## Work item:
For the listing below, return the line containing "气动夹钳 外螺纹压把 推拉压紧式 法兰底座 夹持力386/1136kg", the line containing "Backgammon en simili", and all lines in between, exactly as written and nothing else.

───── Provided data

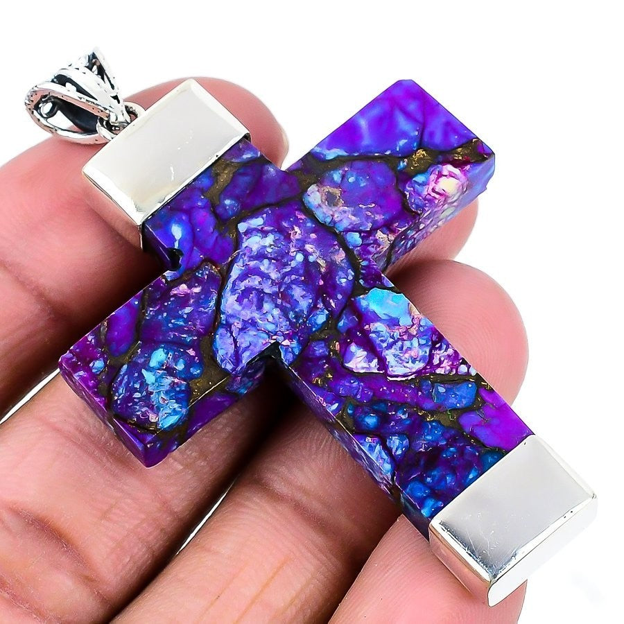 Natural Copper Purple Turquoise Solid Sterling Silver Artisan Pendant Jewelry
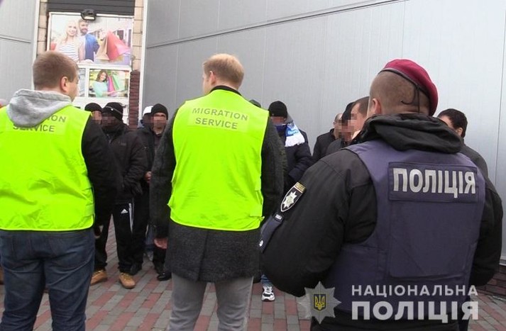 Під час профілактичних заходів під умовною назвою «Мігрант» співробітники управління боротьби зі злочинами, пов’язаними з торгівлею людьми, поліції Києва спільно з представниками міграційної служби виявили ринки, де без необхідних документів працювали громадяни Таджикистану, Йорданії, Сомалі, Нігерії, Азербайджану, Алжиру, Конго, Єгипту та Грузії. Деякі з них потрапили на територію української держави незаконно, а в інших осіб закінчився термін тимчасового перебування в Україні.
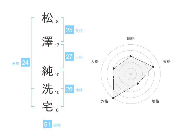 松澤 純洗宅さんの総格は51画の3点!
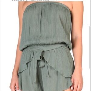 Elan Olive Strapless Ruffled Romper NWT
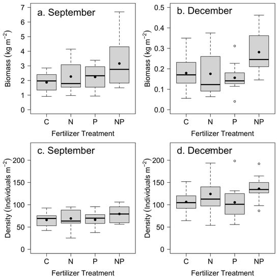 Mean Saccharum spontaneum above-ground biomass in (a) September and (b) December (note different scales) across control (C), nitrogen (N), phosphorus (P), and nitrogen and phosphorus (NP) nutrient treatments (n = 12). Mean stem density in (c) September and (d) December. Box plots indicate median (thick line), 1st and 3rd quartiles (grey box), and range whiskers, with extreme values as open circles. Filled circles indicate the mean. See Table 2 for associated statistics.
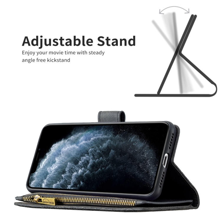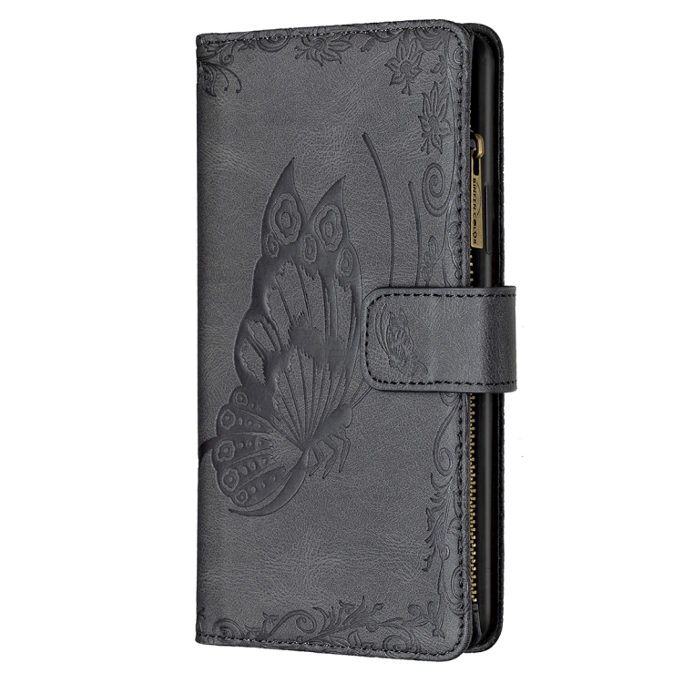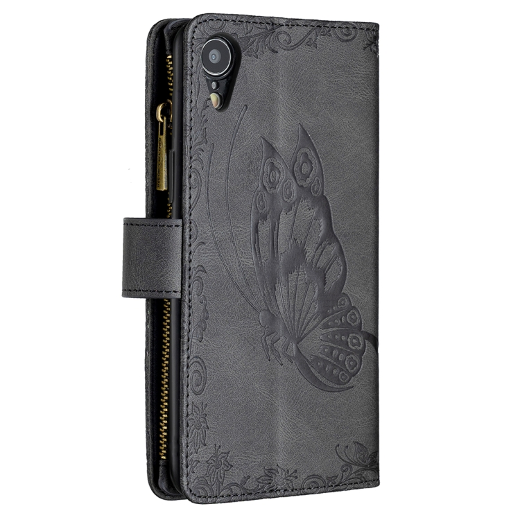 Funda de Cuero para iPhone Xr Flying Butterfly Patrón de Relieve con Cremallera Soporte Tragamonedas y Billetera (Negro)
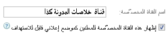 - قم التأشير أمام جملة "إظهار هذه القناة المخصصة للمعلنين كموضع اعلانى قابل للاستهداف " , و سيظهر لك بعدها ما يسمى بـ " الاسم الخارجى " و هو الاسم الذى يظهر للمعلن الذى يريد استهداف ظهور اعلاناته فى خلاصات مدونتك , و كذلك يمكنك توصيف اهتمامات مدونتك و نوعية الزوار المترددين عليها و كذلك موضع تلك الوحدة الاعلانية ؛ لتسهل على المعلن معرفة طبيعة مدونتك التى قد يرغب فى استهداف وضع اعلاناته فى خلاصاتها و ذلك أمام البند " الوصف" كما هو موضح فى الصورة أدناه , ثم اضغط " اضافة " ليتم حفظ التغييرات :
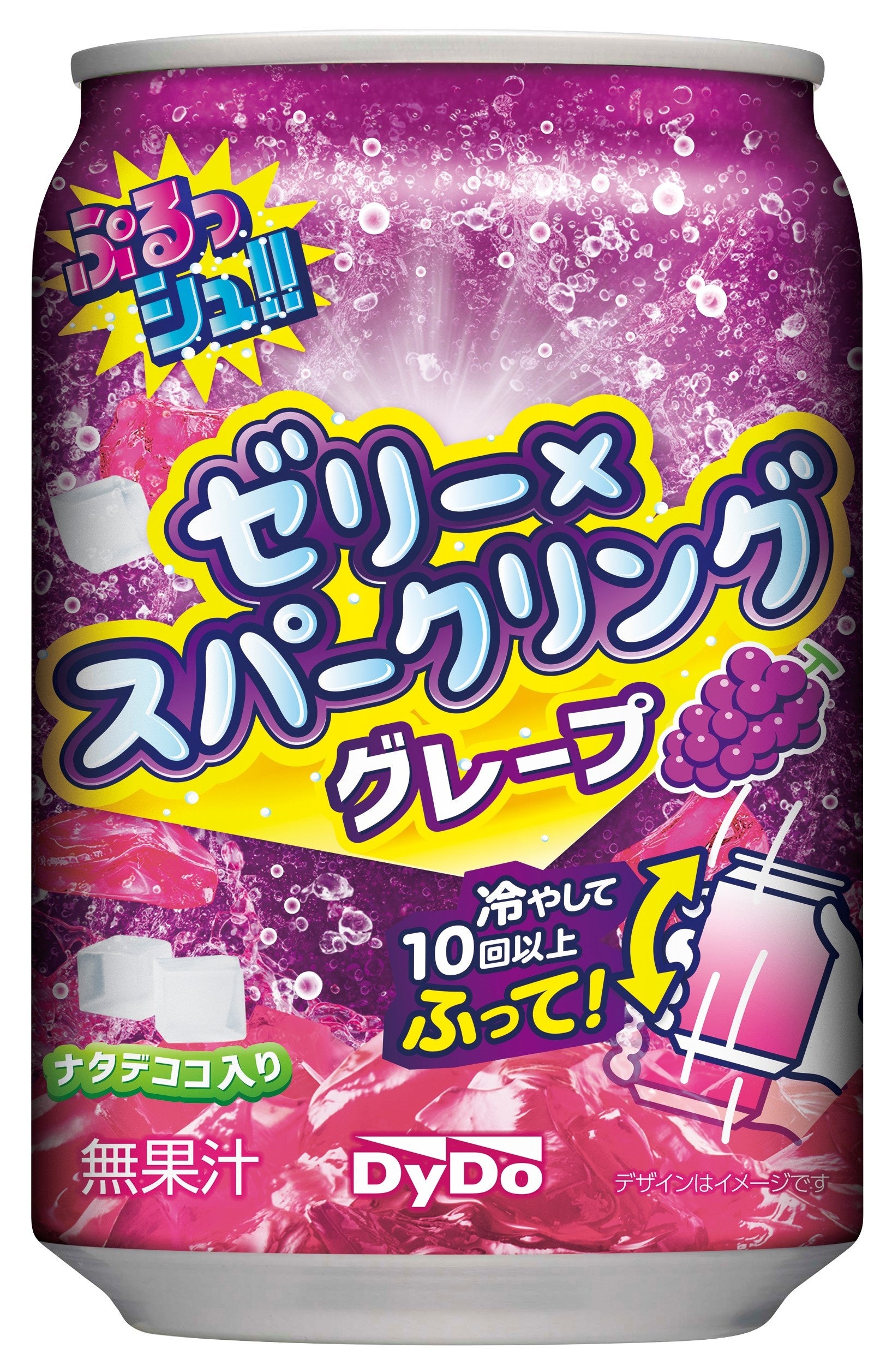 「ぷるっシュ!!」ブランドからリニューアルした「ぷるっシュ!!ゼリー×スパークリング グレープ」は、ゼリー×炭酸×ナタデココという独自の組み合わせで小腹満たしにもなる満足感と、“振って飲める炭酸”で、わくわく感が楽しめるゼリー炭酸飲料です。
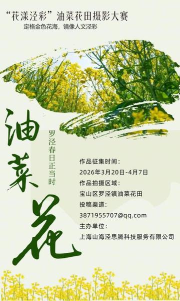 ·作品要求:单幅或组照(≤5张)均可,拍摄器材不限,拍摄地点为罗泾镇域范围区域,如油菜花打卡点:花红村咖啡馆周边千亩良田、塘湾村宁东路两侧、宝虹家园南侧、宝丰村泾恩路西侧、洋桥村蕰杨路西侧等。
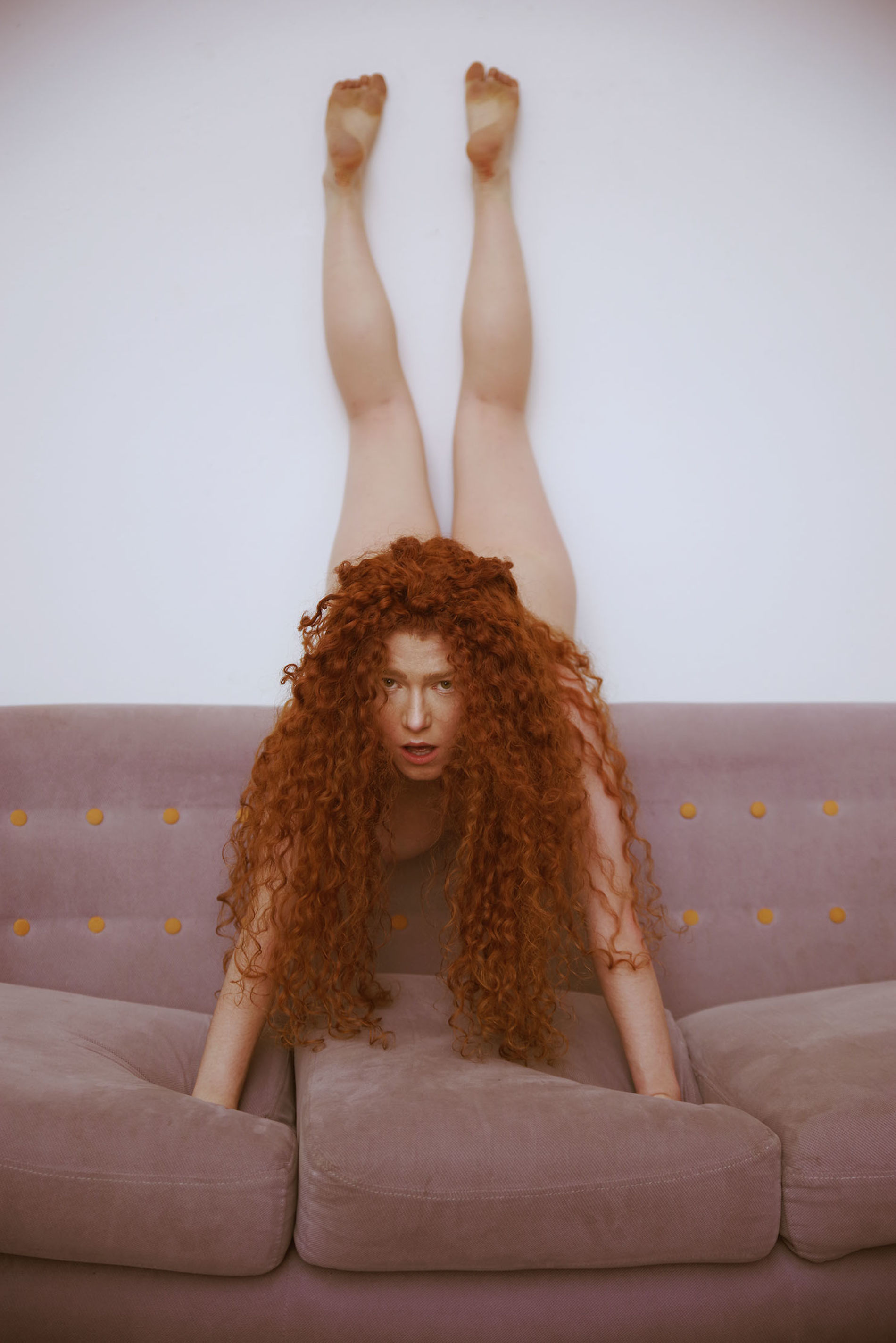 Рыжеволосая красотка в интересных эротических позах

──────────
───── Provided data

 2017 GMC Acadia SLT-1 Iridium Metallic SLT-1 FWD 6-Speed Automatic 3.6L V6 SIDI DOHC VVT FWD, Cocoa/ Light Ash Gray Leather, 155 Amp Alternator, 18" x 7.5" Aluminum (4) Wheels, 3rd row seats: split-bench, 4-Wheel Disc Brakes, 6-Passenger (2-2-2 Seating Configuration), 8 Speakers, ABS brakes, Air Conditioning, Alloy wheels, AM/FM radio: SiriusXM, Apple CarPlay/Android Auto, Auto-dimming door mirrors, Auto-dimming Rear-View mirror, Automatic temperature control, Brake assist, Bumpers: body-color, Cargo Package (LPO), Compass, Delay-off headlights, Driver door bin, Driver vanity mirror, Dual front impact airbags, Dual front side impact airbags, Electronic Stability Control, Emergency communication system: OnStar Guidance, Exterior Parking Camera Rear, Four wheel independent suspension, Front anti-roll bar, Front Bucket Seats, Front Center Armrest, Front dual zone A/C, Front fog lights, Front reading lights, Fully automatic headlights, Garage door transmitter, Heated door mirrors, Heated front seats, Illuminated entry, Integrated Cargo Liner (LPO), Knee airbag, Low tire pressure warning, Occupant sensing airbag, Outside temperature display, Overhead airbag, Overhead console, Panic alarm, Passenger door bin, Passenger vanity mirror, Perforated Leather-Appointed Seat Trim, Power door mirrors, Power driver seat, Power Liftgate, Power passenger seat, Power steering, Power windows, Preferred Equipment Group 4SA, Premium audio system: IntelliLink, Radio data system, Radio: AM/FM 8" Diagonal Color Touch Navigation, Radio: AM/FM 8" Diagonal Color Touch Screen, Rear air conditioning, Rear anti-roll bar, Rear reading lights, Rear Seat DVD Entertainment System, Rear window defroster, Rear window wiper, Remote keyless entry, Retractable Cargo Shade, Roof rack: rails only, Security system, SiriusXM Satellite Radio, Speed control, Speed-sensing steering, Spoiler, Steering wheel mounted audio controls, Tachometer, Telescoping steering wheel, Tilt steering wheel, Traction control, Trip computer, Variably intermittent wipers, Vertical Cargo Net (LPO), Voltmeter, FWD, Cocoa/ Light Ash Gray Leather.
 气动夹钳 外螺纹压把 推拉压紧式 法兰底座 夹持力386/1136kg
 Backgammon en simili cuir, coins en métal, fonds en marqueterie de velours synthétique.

──────────
───── Provided data

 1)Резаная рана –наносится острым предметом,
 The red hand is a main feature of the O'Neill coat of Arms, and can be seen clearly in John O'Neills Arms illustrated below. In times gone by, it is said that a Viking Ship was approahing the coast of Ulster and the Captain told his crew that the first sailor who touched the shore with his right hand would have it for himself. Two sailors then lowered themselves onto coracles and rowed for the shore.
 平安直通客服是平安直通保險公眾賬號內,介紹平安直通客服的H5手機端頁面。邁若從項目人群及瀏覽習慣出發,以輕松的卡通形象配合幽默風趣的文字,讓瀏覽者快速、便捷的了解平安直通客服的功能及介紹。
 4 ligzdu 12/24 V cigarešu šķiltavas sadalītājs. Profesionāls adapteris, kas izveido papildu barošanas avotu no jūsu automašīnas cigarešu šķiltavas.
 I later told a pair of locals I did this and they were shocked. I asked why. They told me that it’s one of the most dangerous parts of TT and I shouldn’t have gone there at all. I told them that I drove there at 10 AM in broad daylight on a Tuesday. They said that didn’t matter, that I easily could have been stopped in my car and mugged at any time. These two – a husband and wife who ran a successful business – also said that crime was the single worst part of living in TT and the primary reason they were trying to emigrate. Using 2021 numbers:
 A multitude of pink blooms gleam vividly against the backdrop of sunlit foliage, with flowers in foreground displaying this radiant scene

──────────

## Output below:
 气动夹钳 外螺纹压把 推拉压紧式 法兰底座 夹持力386/1136kg
 Backgammon en simili cuir, coins en métal, fonds en marqueterie de velours synthétique.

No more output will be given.